Maintaining Data Integrity of our CiviCRM database

Due to some conservative settings, we've ended up with some duplicate records in our database. I've written the following SQL statements to help us keep track of the dupes.

Contact with the same Email

You don't really need this one - you can simply run the Dupe/Merge rule for contacts - all of our de-dupe rules assume that same contact if the email address is the same.

SELECT e1.contact_id, e2.contact_id,e1.email 
	FROM civicrm_email e1 
		JOIN civicrm_email e2 ON e1.email = e2.email 
	WHERE e1.contact_id != e2.contact_id;

Dupe organizations

If you are looking for dupe organizations (based on just the name of the organization), you can use the Organization strict or fuzzy rule to find them.

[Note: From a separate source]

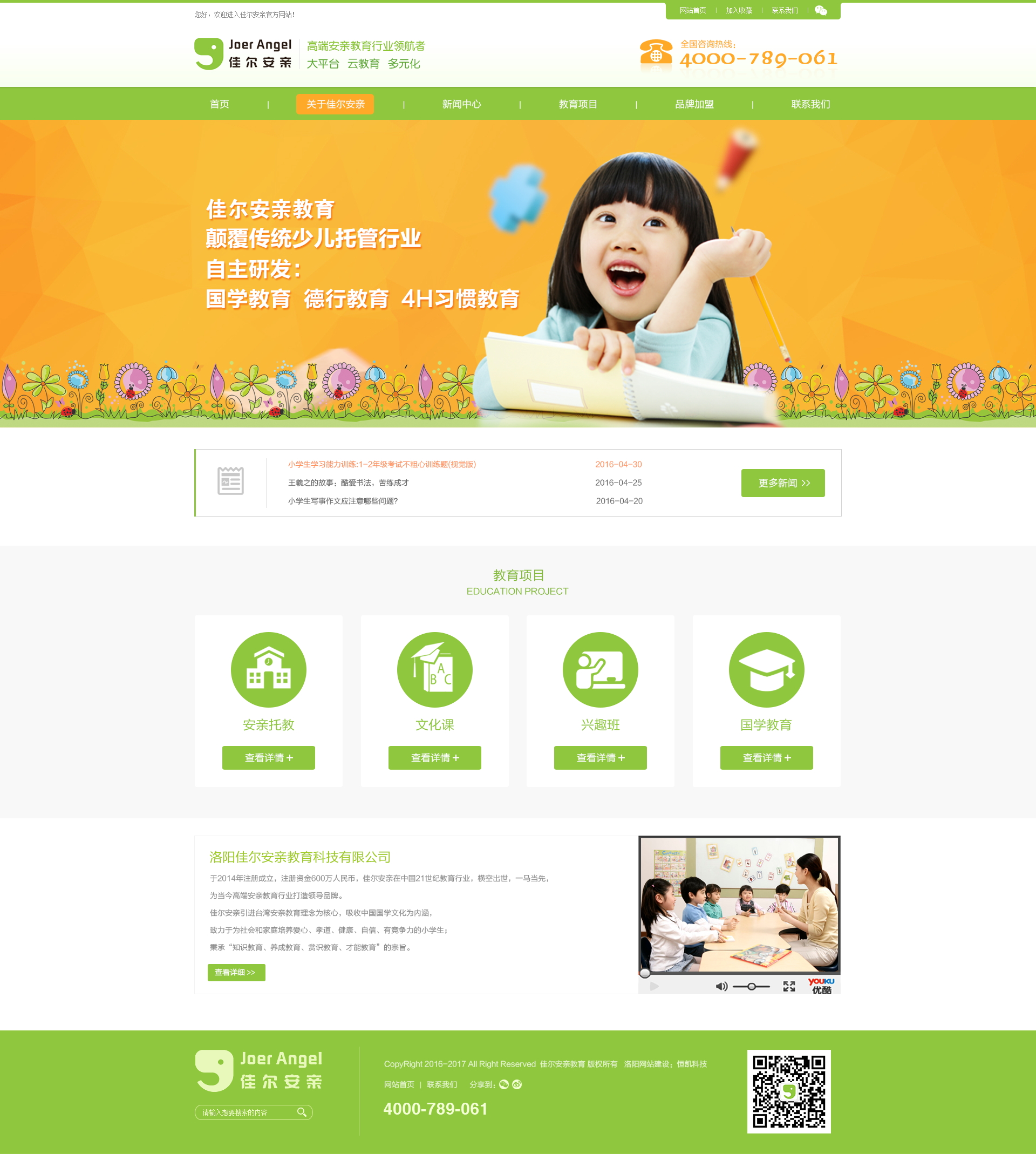 洛陽佳爾安親教育科技有限公司于2014年注冊(cè)成立,注冊(cè)資金600萬人民幣,佳爾安親在中國(guó)21世紀(jì)教育行業(yè),橫空出世,一馬當(dāng)先,為當(dāng)今高端安親教育行業(yè)打造領(lǐng)導(dǎo)品牌。

I wrote this SQL query so I could focus on the duplicates that are registered for the social forum:

SELECT DISTINCT c1.id,c1.organization_name 
	FROM civicrm_contact c1 
		JOIN civicrm_contact c2 ON c1.organization_name = c2.organization_name 
		JOIN civicrm_relationship AS r 
	WHERE c1.id != c2.id AND (r.relationship_type_id = 11 OR r.relationship_type_id = 12) AND r.contact_id_b = c1.id;

Even these are failry straight forward merges. However, if we have duplicates and more than one of the duplicates is registered, then we have to take special care when merging.

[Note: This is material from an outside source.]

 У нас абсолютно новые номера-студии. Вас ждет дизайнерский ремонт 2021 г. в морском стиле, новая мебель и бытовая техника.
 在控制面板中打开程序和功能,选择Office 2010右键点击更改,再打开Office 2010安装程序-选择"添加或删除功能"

Here are organizations with contacts with more than one registration:

SELECT DISTINCT d1.id,d1.organization_name 
 FROM ussf_distinct_registered_org_dupes d1
	JOIN ussf_distinct_registered_org_dupes d2 ON d1.organization_name = d2.organization_name 
 WHERE d1.id != d2.id;

That statement requires the following view to be created:

 CREATE VIEW ussf_distinct_registered_org_dupes AS 
 	SELECT DISTINCT c1.id,c1.organization_name 
	FROM civicrm_contact c1 JOIN civicrm_contact c2 ON c1.organization_name = c2.organization_name 
	WHERE c1.id != c2.id AND 
		c1.id IN (
			SELECT DISTINCT contact_id_b 
			FROM civicrm_relationship
 			WHERE relationship_type_id = 11 OR relationship_type_id = 12
		) ;

And here's one that show how they paid (if you want to eliminate the paid laters.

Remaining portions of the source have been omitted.